Immunohistochemistry revealed both isoforms to protect TH-immunoreactive cells in the SNpc. (A) Optical density of striatal TH-immunoreactive fibers was decreased in all treatment groups 4 weeks after 6-OHDA administration (n = 14–15). (B) The density of TH-immunoreactive fibers was at the same level through the whole rostro-caudal axis of striatum (n = 14–15). (C) Representative images of striatal TH-immunoreactivity. (D) Optical density of striatal DAT-immunoreactive fibers [one-way ANOVA F_{(2, 29)} = 1.815, p = 0.181, n = 10–11]. (E) Optical density of DAT-immunoreactive fibers was increased in GDNF-treated animals throughout whole striatum [two-way ANOVA treatment effect p = 0.015, One-way ANOVA rostral F_{(2, 28)} = 1.358, p = 0.274; central: F_{(2, 28)} = 1.045, p = 0.375; caudal: F_{(2, 29)} = 2.343, p = 0.114, n = 10–11]. (F) Representative images of striatal DAT-immunoreactivity. (G) Both GDNF isoforms increased the number of TH-immunoreactive cells in the SNpc [one-way ANOVA F_{(2, 42)} = 8.828, p < 0.001, followed by Fisher's LSD analysis, ^***p < 0.001, n = 14–16]. (H) The effect was consistent throughout the whole SNpc [One-way ANOVA rostral F_{(2, 42)} = 6.004, p = 0.005, Fisher's LSD post-hoc analysis α-GDNF vs.

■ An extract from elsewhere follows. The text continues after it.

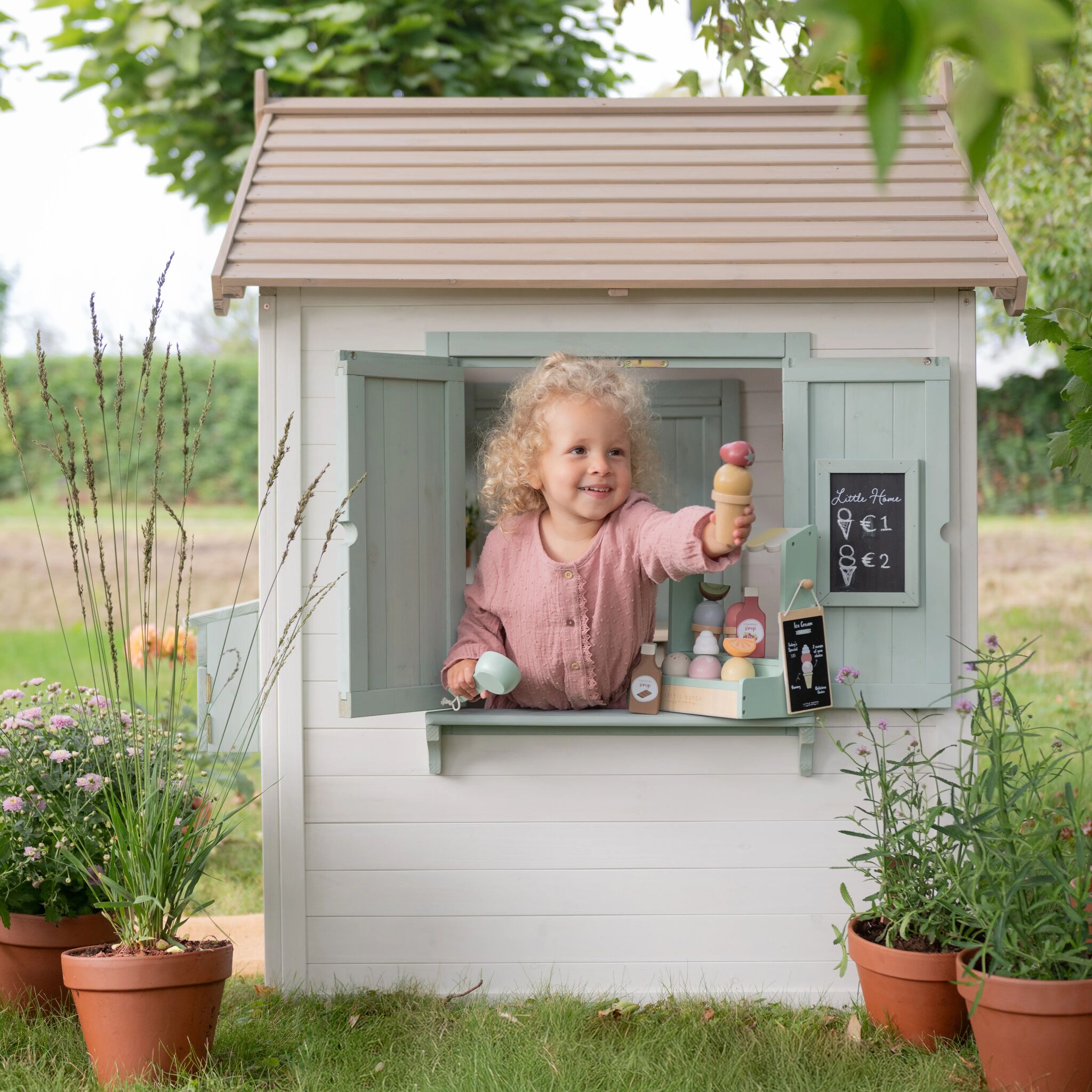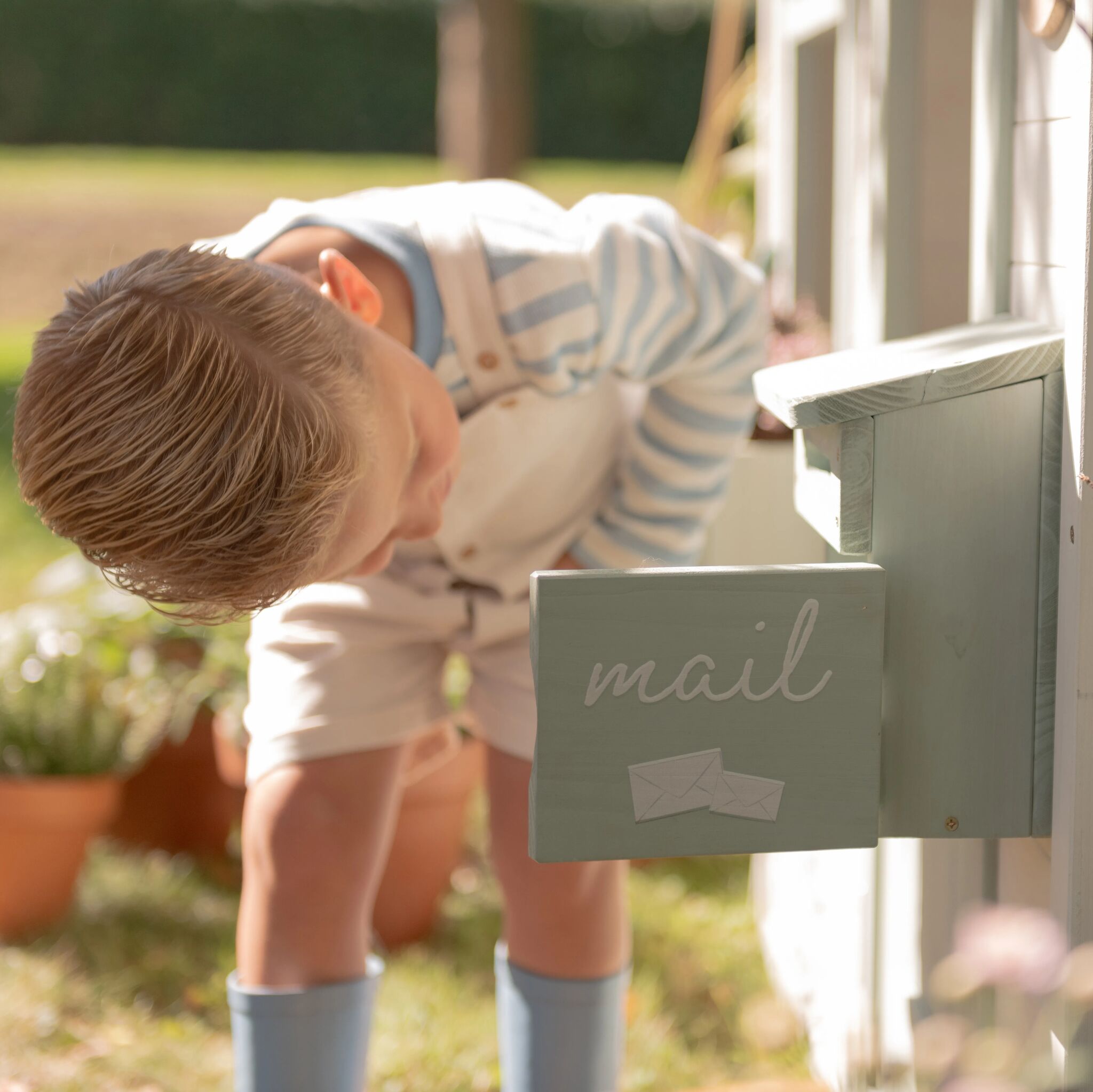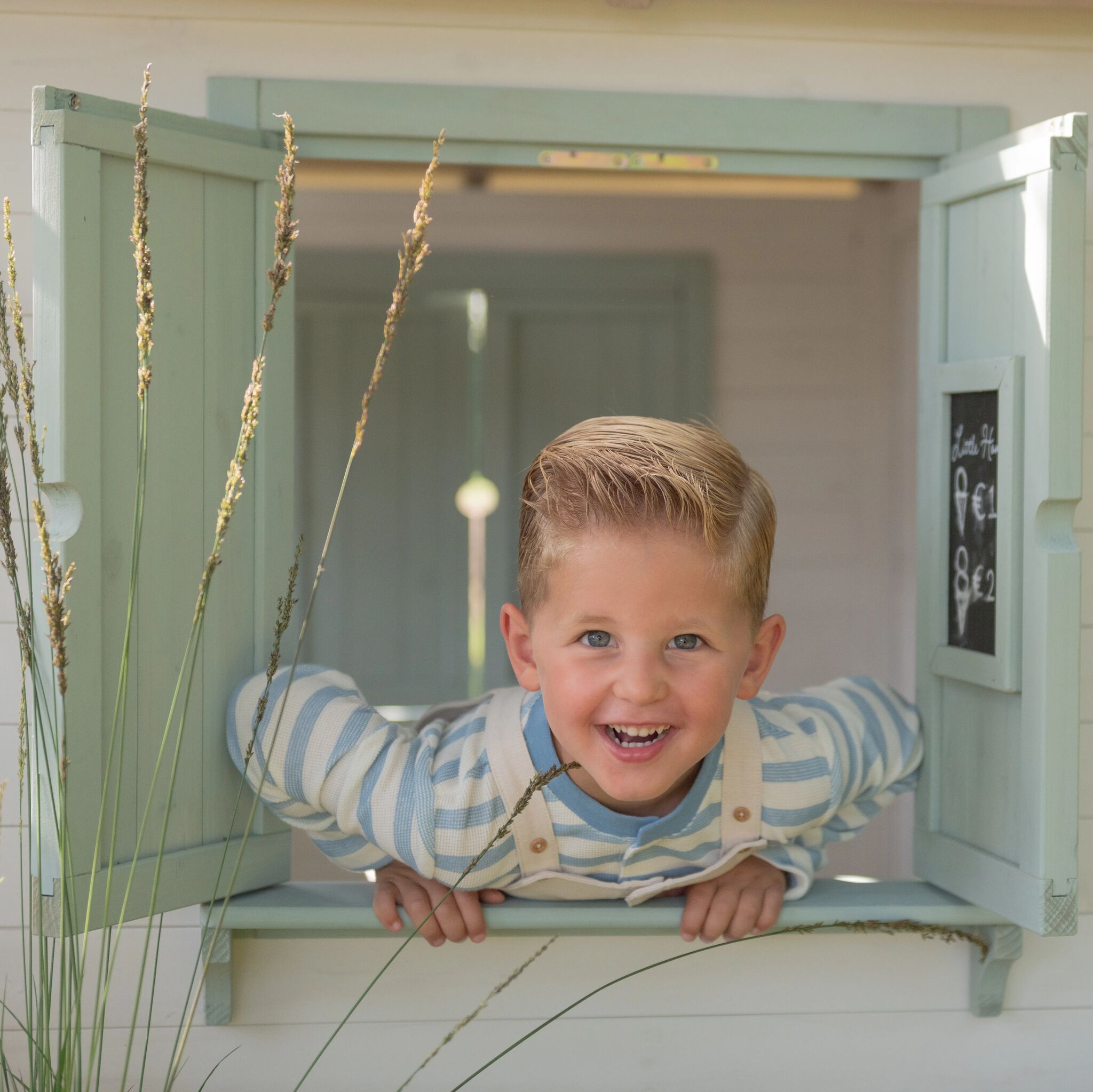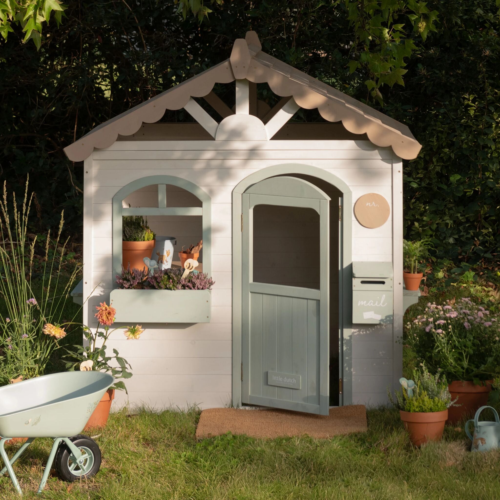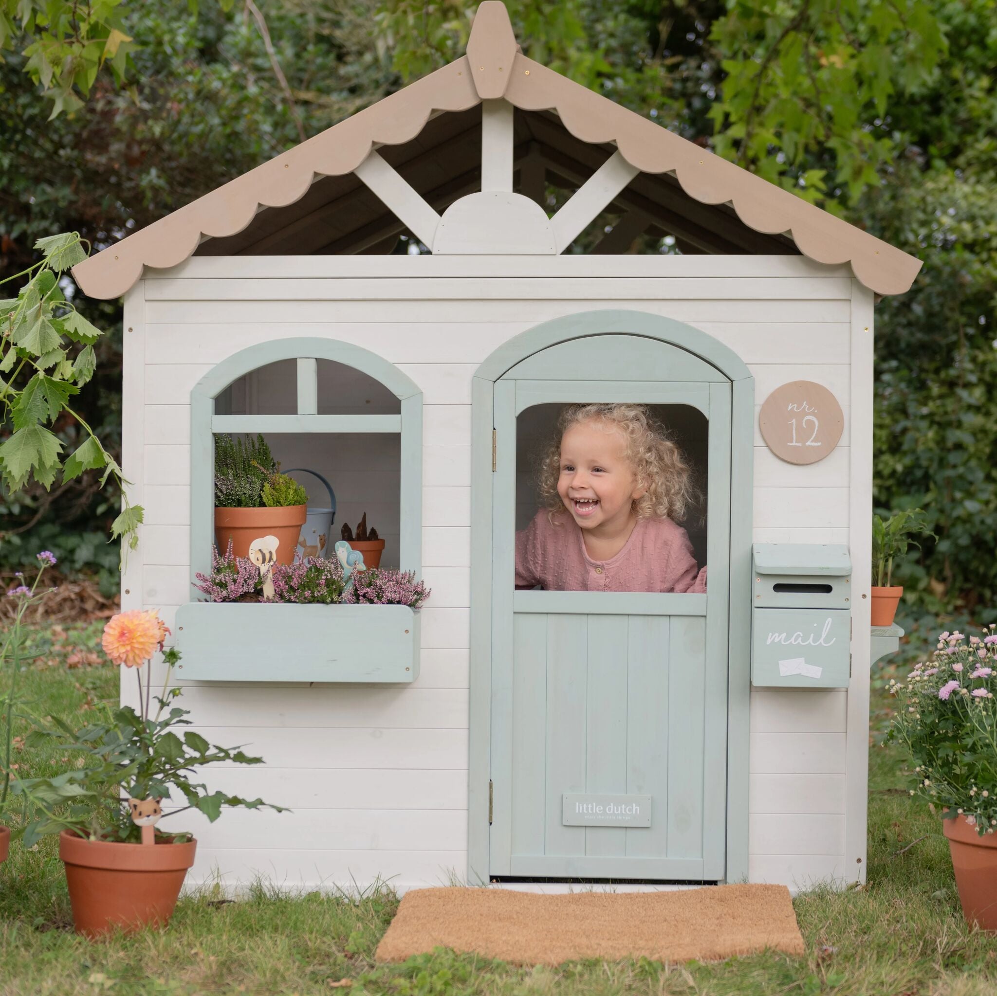 Stap binnen in een wereld vol fantasie met dit houten speelhuisje in zachte, neutrale tinten. De ramen met luikjes, het bloembakje en de brievenbus nodigen uit tot eindeloos rollenspel. Gemaakt van hout, perfect voor zonnige dagen vol avontuur in de tuin. Een knus huisje waar elk kind zich thuis voelt.
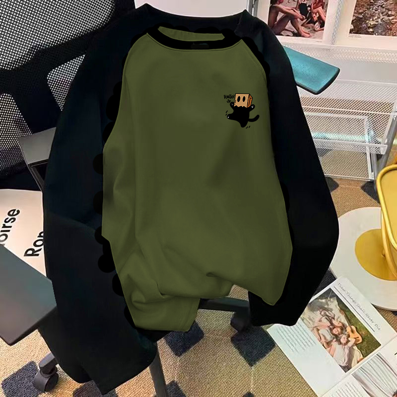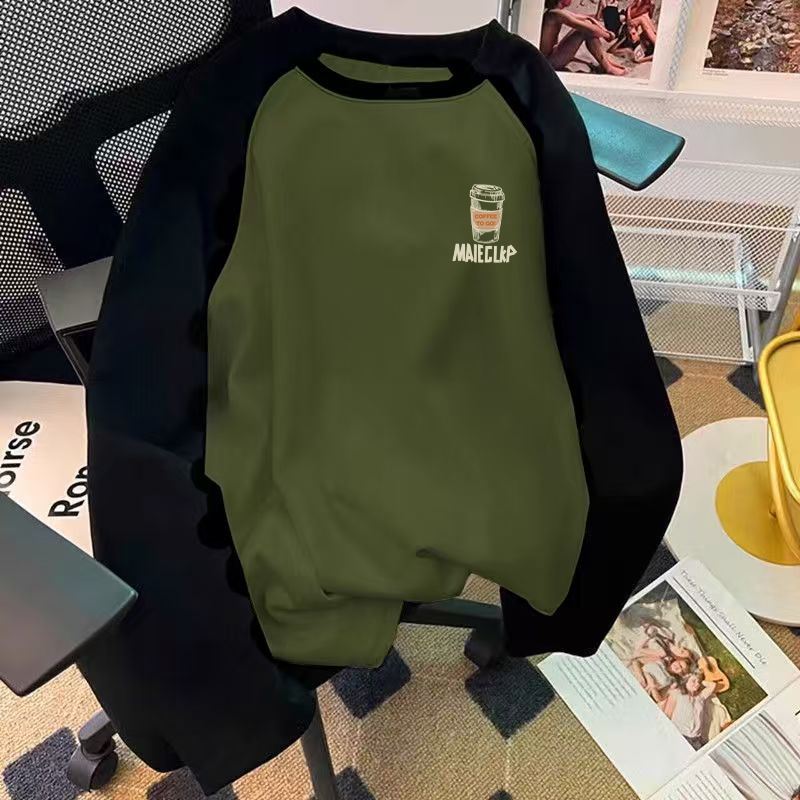 保暖加绒加厚拼接打底衫 冬季 上衣服 T恤男士 重磅德绒插肩撞色长袖

GFP p = 0.003 and β-GDNF vs. GFP p = 0.008; central F_{(2, 41)} = 8.784, p = 0.001, Fisher's LSD post-hoc analysis α-GDNF vs. GFP p = 0.004 and β-GDNF vs. GFP p < 0.0001; caudal F_{(2, 41)} = 7.214, p = 0.002 Fisher's LSD post-hoc analysis α-GDNF vs. GFP p = 0.001 and β-GDNF vs. GFP p = 0.004, ^**p < 0.01, ^***p < 0.001, n = 14–16]. (I) Representative images of TH-immunoreactivity in the SN. Scale bar 200 μm. Data expressed as mean ± SEM.

Figure 6

Both GDNF isoforms induced sprouting of TH- and DAT-immunoreactive fibers in globus pallidus. Representative images from intact side, GFP, α-GDNF, and β-GDNF treated animals. Scale bar is 500 μm.